The feature selection at 10 iterations on tasks $Z_{1} - Z_{12}$ .

As shown in Figure 2, on the tasks $Z_{1} - Z_{12}$ , the time features, including 1 and 6, the frequency features, including 16, 17, 21, 23, and 24, and the time-frequency features, including 30, 34, 39, and 42 show higher importance compared with other features. Comprehensively, the frequency features can be more important than others on tasks $Z_{1} - Z_{12}$ of CWRU dataset.

Results of SEU dataset

Results of the proposed method

For SEU dataset, four transfer tasks are performed. Each task consists of a source domain and a target domain, with 4500 pieces of training data in $D^{S}$ and 100 pieces of training data and 4400 pieces pf testing data in $D^{T}$ . The same 44 features are also extracted to help construct the models. After the weight estimation and feature selection, the results of the proposed method on the SEU dataset are given in Table 7.

Table 7.

Performances of the $D T^{T}$ , $D T^{ST}$ , and WSER models on tasks $Z_{k}$ $(k = 13, \dots, 16)$ .

Tasks	Details	$D T^{T}$	$D T^{ST}$	WSER
$Z_{13}$	$B_{0} \to B_{1}$	$0.8536 \pm 0.0581$	$0.7867 \pm 0.0723$	$0.9125 \pm 0.0526$
$Z_{14}$	$B_{1} \to B_{0}$	$0.7009 \pm 0.1714$	$0.7035 \pm 0.0970$	$0.8335 \pm 0.0517$
$Z_{15}$	$G_{0} \to G_{1}$	$0.5094 \pm 0.0807$	$0.5548 \pm 0.0557$	$0.6201 \pm 0.0550$
$Z_{16}$	$G_{1} \to G_{0}$	$0.5473 \pm 0.0595$	$0.5324 \pm 0.0562$	$0.6054 \pm 0.0382$

Note. Bolded results indicate the best model performance under the same conditions.

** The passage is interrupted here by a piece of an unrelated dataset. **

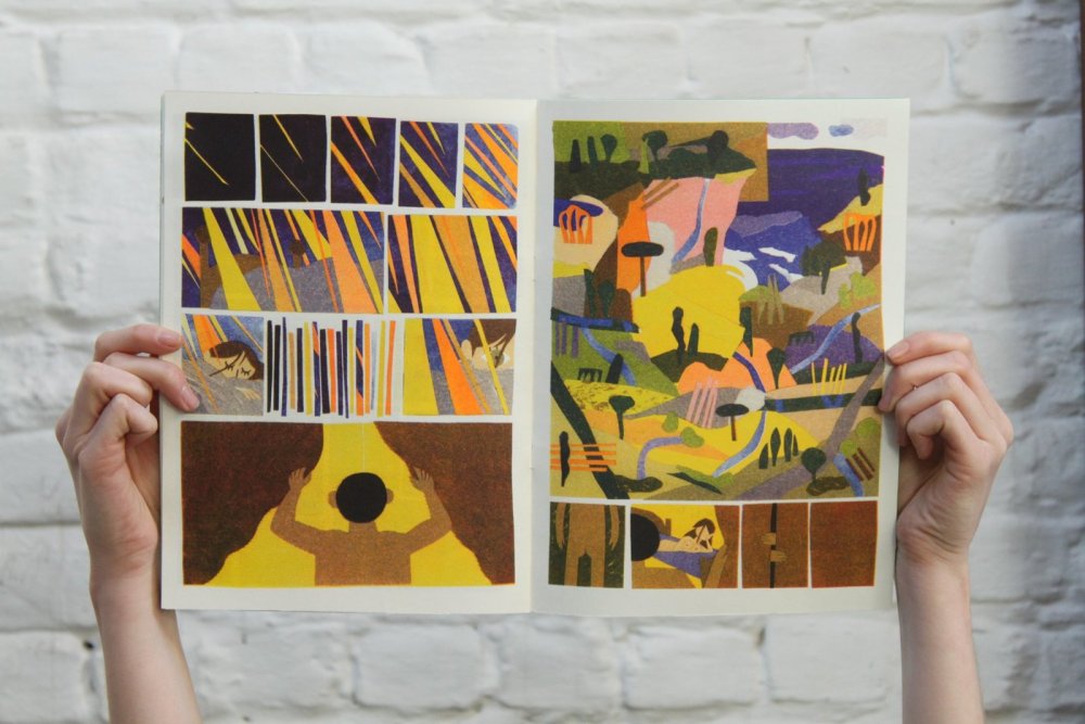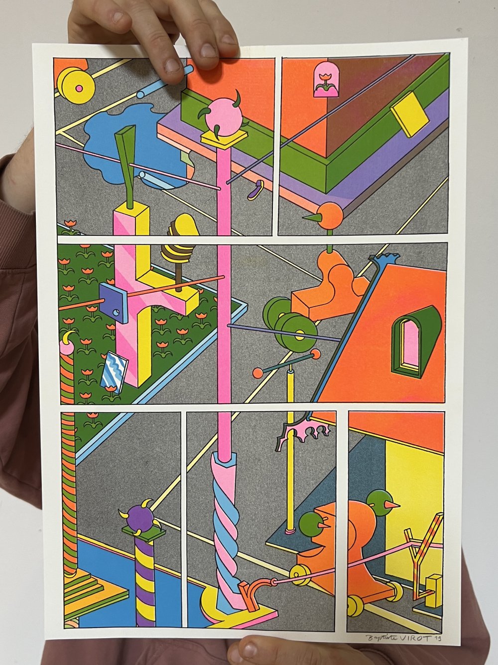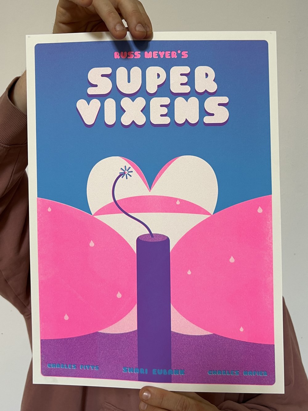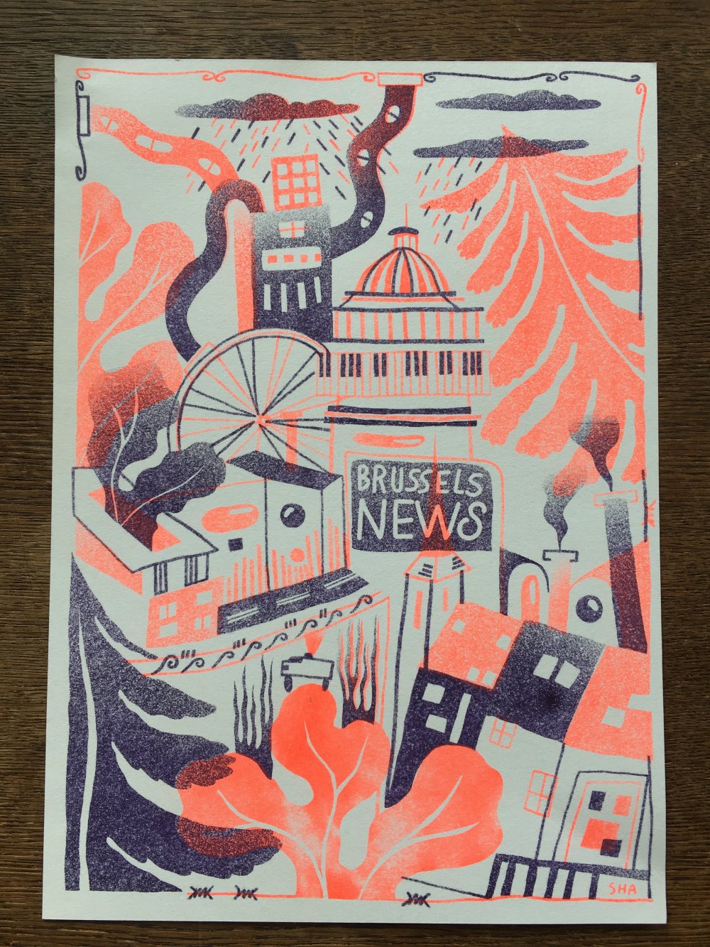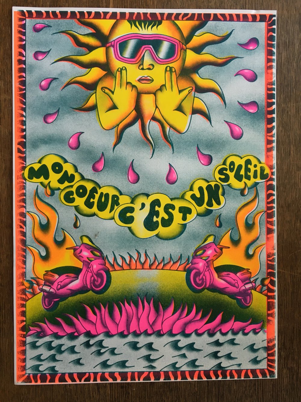 fusin sur papier, imprimé en risographie par Cyrille Aron et les éditions Bleu Velours.

As shown in Table 7, the $D T^{ST}$ models perform better compared with the $D T^{T}$ models on $Z_{14}$ and $Z_{15}$ , which means the signal data collected under varying operational conditions may be different for SEU dataset, and directly sample weighting may not help improve the model performance in the target domain. However, the WSER models perform better than other models on all the tasks. The results also indicate the effectiveness of the proposed WSER method. In addition, note that all models perform poorly on datasets $G_{0}$ and $G_{1}$ , possibly because the hand-craft features does not apply to such datasets.

Effect of different categories of features on model performance

The performance of models constructed with time, frequency, and time-frequency features are given as follows to help learn the effect of different categories of features on the transfer tasks for SEU dataset.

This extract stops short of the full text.